Le juge Claude Leblond de la Cour du Québec, qui a présidé pendant 49 jours le procès pénal de Vincent Lacroix, dira mardi en matinée si l'Autorité des marchés financiers (AMF) a fait la preuve que l'ex-numéro un de Norbourg a violé la Loi sur les valeurs mobilières.
La prétention de l'AMF est qu'il l'a fait à 51 reprises.

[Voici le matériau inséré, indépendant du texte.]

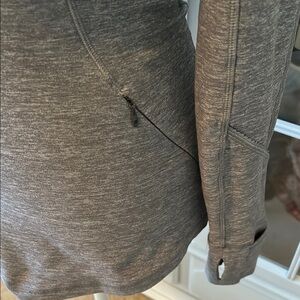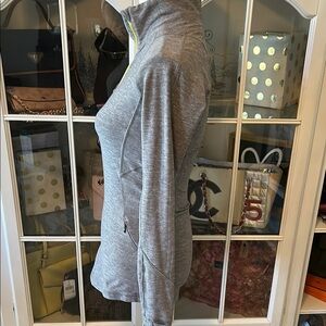 Lululemon Stylish gray women's top featuring a vibrant yellow zipper. Perfect for casual outings or active wear. Has thumb holes and reflective in the sleeves. Two way zipper. Size 4
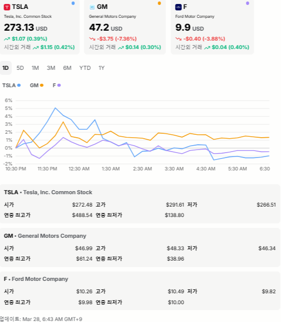 요약설명: 트럼프, 25% 자동차 관세 강행! 뉴욕증시 3대 지수 하락, 테슬라 주가 상승, GM·포드 급락.
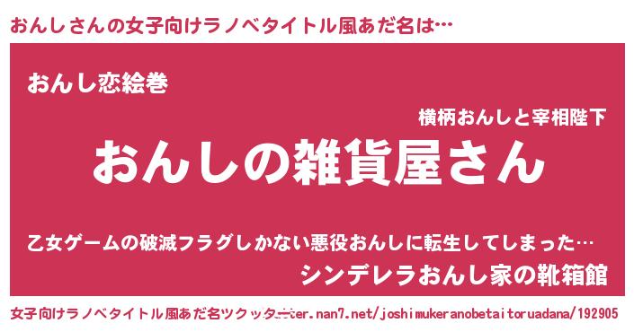 | 男性向けラノベタイトル風あだ名 | 『やはりおんしの青春ラブコメはまちがっている 』 |
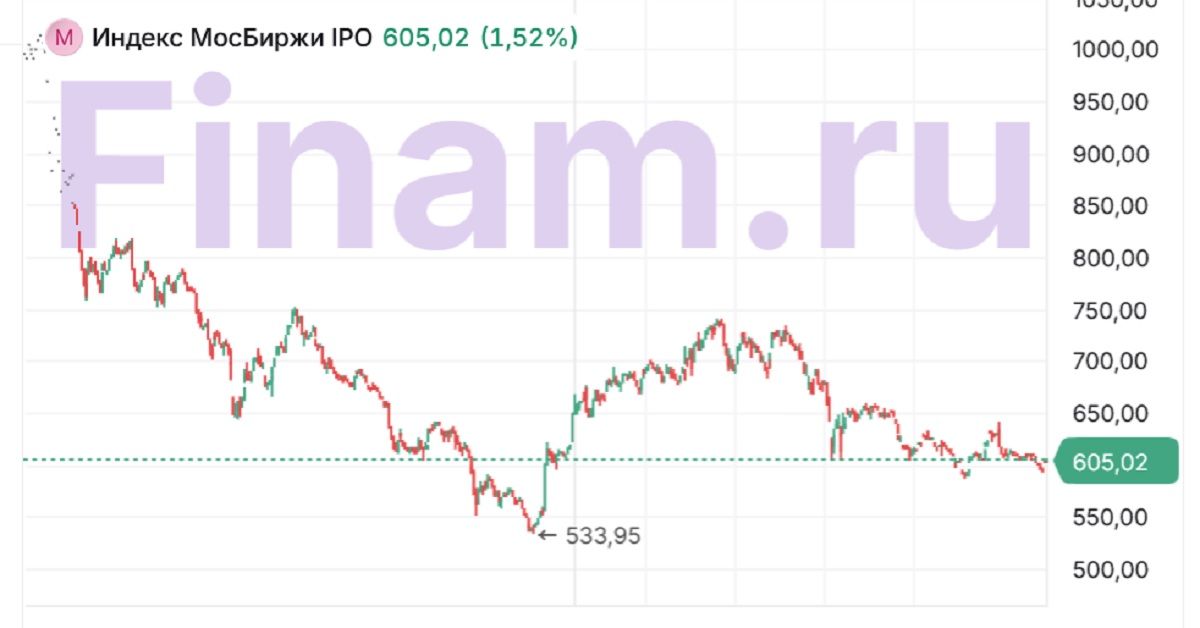 Между тем, более широкая картина смотрится хуже. Мосбиржа в апреле 2024 года начала рассчитывать индекс IPO, который должен «демонстрировать ценовые уровни компаний, недавно начавших свою публичную историю». Состав индекса пересматривается ежеквартально, торги начались с уровня 1000 пунктов, а сегодня его значение составляет около 605 (минус 39,5% с момента начала его расчета).
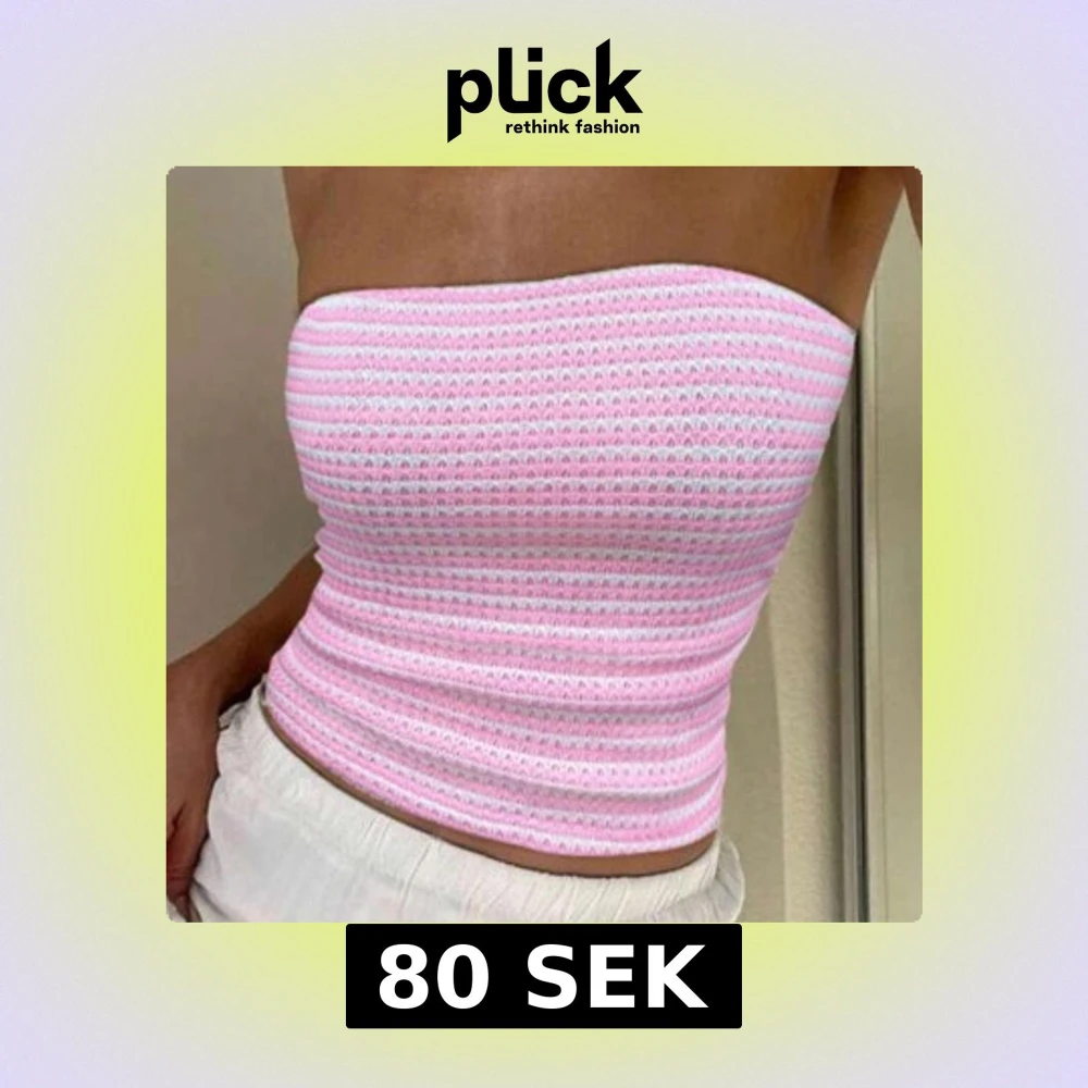 Säljer en söt tubtopp i rosa och vitt med randigt mönster. Toppen är tight och axelbandslös, perfekt för varma dagar. Superenkel att matcha med både jeans och kjol!
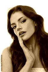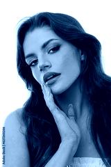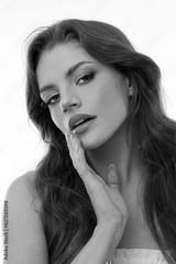 Portrait of beautiful brunette with big eyes and wavy long hair on isolated white background
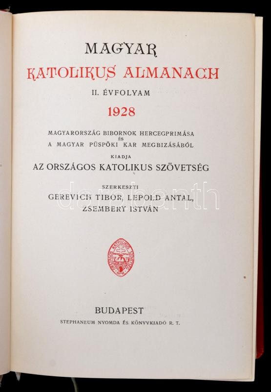 Magyar Katolikus Almanach. II. évf. Szerk.: Gerevich Tibor, Leopold Antal, Zsembery István. Kiadja Országos Katolikus Szövetség. Bp., 1928, Stephaneum Nyomda és Könyvkiadó Rt. Kiadói aranyozott egészvászon-kötés, kissé sérült kötéssel.
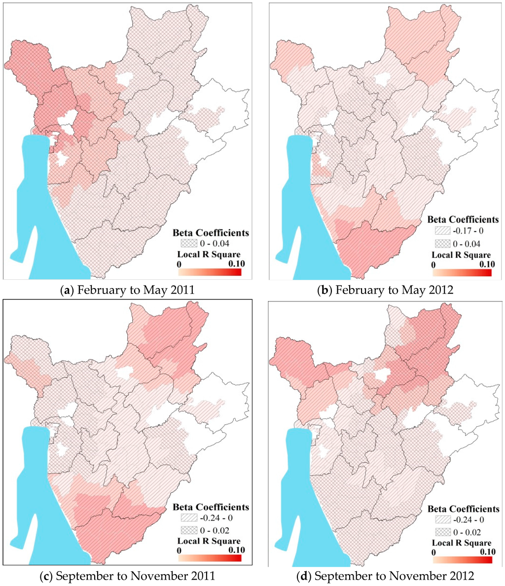 Results of Geographically Weighted Regression (GWR) analysis during the wet seasons (a) February to May 2011; (b) February to May 2012; (c) September to November 2011; (d) September to November 2012.
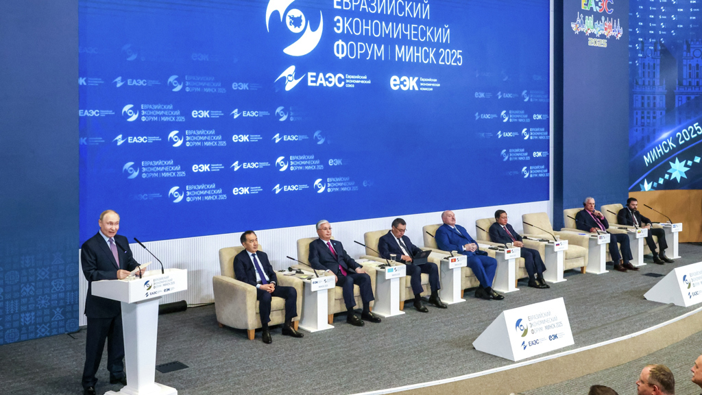 Президент России Владимир Путин выступил на пленарном заседании Евразийского экономического форума в Минске, посвященном перспективам евразийской интеграции.

La tâche du juge s'arrêtera là, puisque Lacroix n'a pas témoigné et n'a présenté aucune défense. Au lieu de s'attaquer de front aux 51 constats d'infraction, le grand patron des Fonds Norbourg et Evolution a tenté par la bande de faire la démonstration qu'il a agi comme il l'a fait parce qu'il s'est retrouvé en difficulté financière, aux prises avec "un trou de 20 millions $", après l'achat d'une société liée à la Caisse de dépôt et placement du Québec.
"Ce n'est pas une défense que de dire je me suis fait voler, alors je vais voler le voisin", avait rétorqué le magistrat dans les derniers jours du procès, à la mi-novembre. Devant l'évolution de son dossier, Lacroix avait alors pris conscience qu'il pourrait bien être condamné à la prison.
Il faut dire que la preuve accumulée par l'AMF, à la faveur de nombreuses perquisitions et analyses, est plutôt explicite quant à la volonté de Lacroix de tromper l'AMF et, par ricochet, les investisseurs qui basaient leurs décisions d'investissements sur les rapports financiers, considérés comme faux, des divers fonds de placement.
Ces éléments saisis à l'occasion de la perquisition du 25 août 2005 pourraient valoir à Lacroix de longues années de prison et une forte amende. C'est en tout cas ce que réclame l'AMF relativement aux informations fausses et trompeuses que lui a fournies Lacroix et aux manoeuvres qui visaient à influencer le cours ou la valeur d'un titre par des pratiques déloyales, abusives ou frauduleuses.
Pour chacun des 51 constats d'infraction, l'AMF suggère au juge la peine maximum, soit cinq ans moins un jour de prison et une amende de 5 millions $. Ce n'est qu'au moment du prononcé de la sentence qu'on saura si le magistrat acquiesce ou pas.
Devant le juge Leblond, l'AMF a fait la démonstration de 134 retraits irréguliers totalisant la rondelette somme de 115 millions $, puisée à même les épargnes des investisseurs. Pas moins de 9200 investisseurs auraient été floués.
Dans sa plaidoirie finale, l'AMF a attiré l'attention du juge sur la conduite de Vincent Lacroix dans les mois précédant les perquisitions.
"Alors que les activités de Norbourg et Vincent Lacroix étaient sous enquête en 2005, Vincent Lacroix a continué de façon importante à dilapider les fonds des investisseurs en effectuant des déboursés importants pour ses fins personnelles", a souligné l'AMF.
Ainsi, entre avril et la fin juillet 2005, Lacroix a acheté des biens immobiliers pour 23 millions $ et a versé à des proches plus de 570 000 $, a fait valoir l'AMF.
À l'aide de témoins, le procureur de l'AMF, Me Eric Downs, a tenu à démontrer que Lacroix était roi et maître chez Norbourg, que toutes les décisions recevaient son aval, que tout était centralisé à son bureau. Des copies des boîtes de courriel des employés lui étaient remises et il y avait des caméras en grand nombre dans les bureaux du siège social. En outre, Lacroix prenait toutes les décisions quant aux placements.
Le juge Leblond dira dans quelques heures si la démonstration en a bel et bien été faite.